How do bacteria distribute metals to correct target enzymes while remaining tolerant to metal toxicity?

Metalloenzymes carry out essential reactions, and their mismetallation has deleterious effects. In consequence, a primary cellular requirement is to target cognate metals to the corresponding targets. On the other hand, free redox active metals generate harmful free radicals, with the associated fitness cost These place metal sensing, chaperoning, storage, and transmembrane transport at the forefront of cell chemistry and biology. We hypothesize that these mechanisms are integrated in system wide distribution networks. In turn, these translocate the ion into accepting periplasmic chaperones. We aim now to understand the architecture and dynamics of these distribution networks.

How do bacteria metal homeostasis mechanisms determine survival in the challenging phagosomal environment of eukaryote hosts?

Mechanisms of innate immunity include higher Zn²⁺ and Cu⁺ levels and an oxidative burst that leads to Fe-S center disruption with a consequent high cytoplasmic Fe²⁺. We have observed that various distinct transition metal ATPases are present in pathogenic organisms; for instance the unique Fe²⁺ ATPases and the Mn²⁺ ATPase in Mycobacterium tuberculosis. We hypothesize that pathogenic organisms have a more diverse arrange of metal transporters and homeostatic mechanism participating not just in metal tolerance but also in coping with the oxidative bust by metallation of critical enzymes.

How does the structure of metal transport membrane ATPases determine their functional characteristics?

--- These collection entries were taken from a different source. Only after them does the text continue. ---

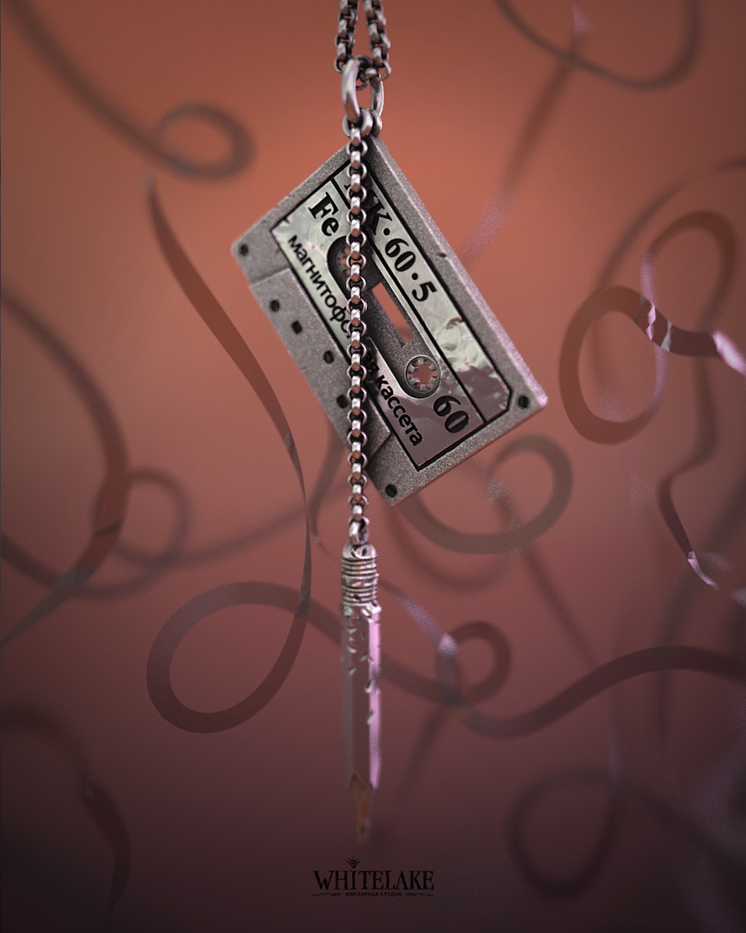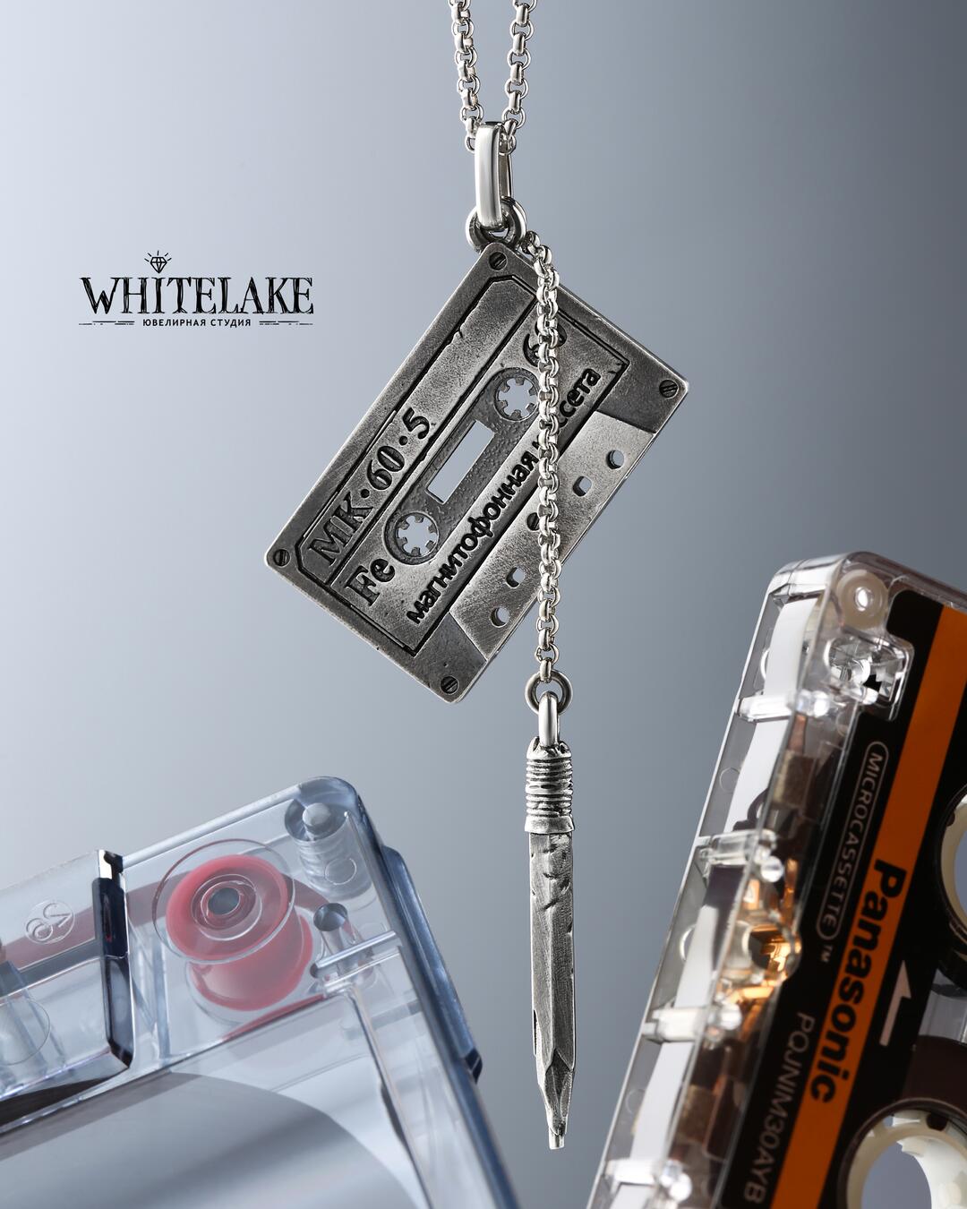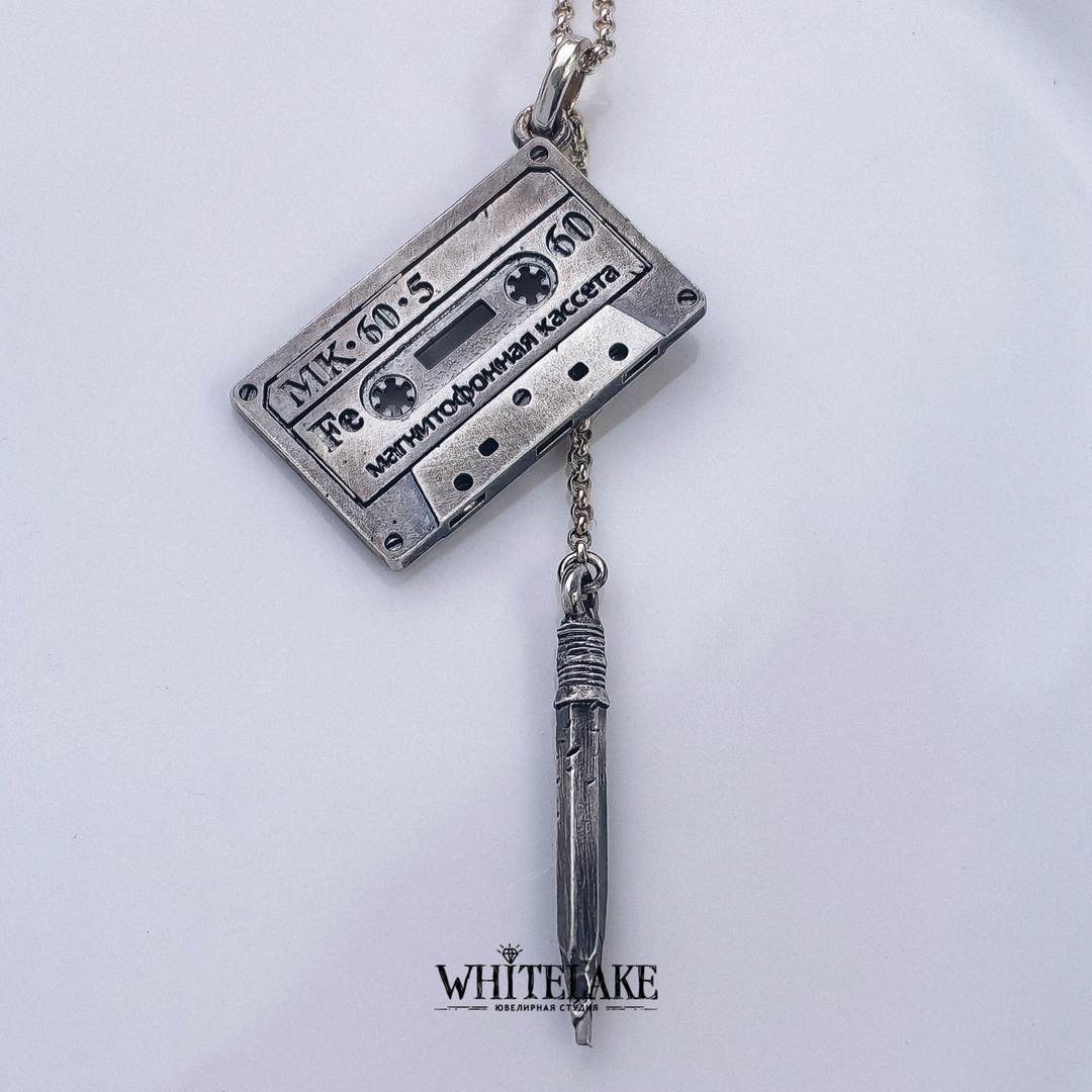 Pendant «Cassette tape and pencil»
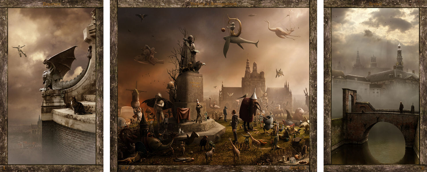 Werk je volgens een bepaalde methode? Ik kan wel heel gericht en volgens plan werken maar het liefst werk ik volgens mijn eigen chaos methode. Dit begint met een vaag idee of verlangen en dat werkt langzaam soms via omwegen ergens heen, ik maak ook wel schetsjes en ga dan op zoek naar de juiste dingen om te fotograferen. Het computer gedeelte neemt het minst tijd in en daar werk ik vrijwel altijd met een soort routine.
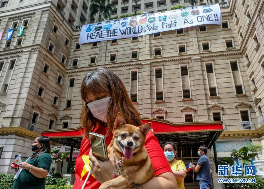 4月12日,在菲律宾奎松城,人们在居民楼上拉出横幅,表达对在医护一线与病毒对抗的医护工作者的支持。 新华社发(乌马利摄)
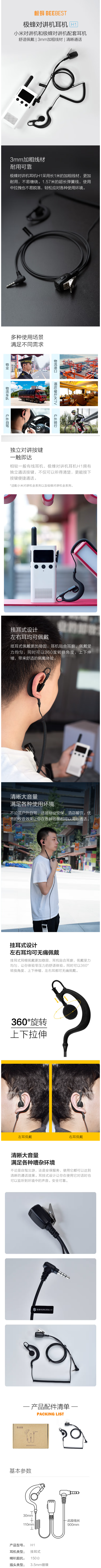 极蜂BeeBest H1 对讲机耳机适配小米对讲机手机耳机耳挂式标准3.5MM接口对讲机耳机
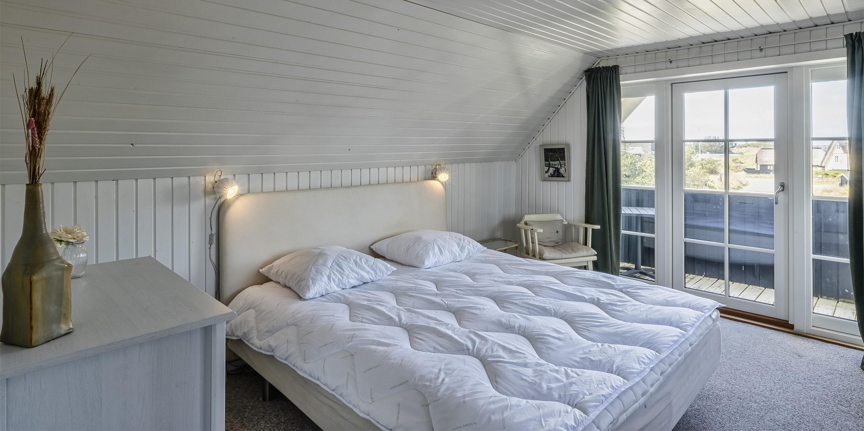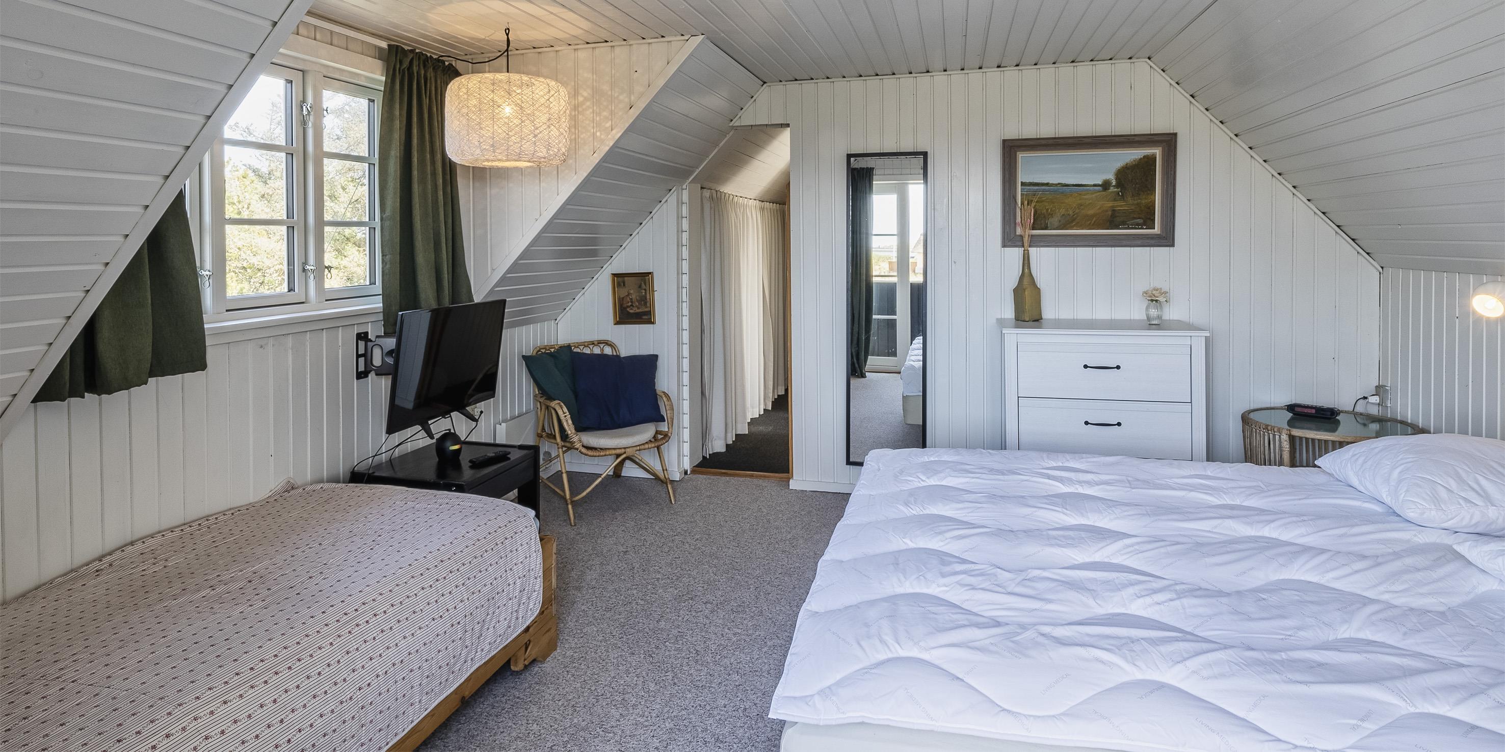3 soveværelser. 2 med dobbeltseng 180x200 cm. 1 med 2 enkeltsenge (á 90x200 cm)
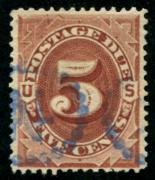 | 201 |  | | | Scott J18 1884 5c red brown used, blue handstamp, F-VF thin spot |

The study of metal transport P1B-ATPases has been the core of our laboratory since its beginning. Employing as a model Archaeoglobus fulgidus CopA, a thermophilic Cu⁺-ATPase, we established the catalytic mechanisms, transport stoichiometry, structure and function of soluble domains, and the structure of metal transport sites in the transmembrane region of these enzymes. We showed the specificity and the determining structures in distinct subfamilies of Zn²⁺, Cu²⁺, Ni²⁺, Mn²⁺ and Fe²⁺ ATPases. Moving forward, we attempt to understand the chemical interactions and resulting forces that drive the movement of transition metal along dehydrated protein permeation paths.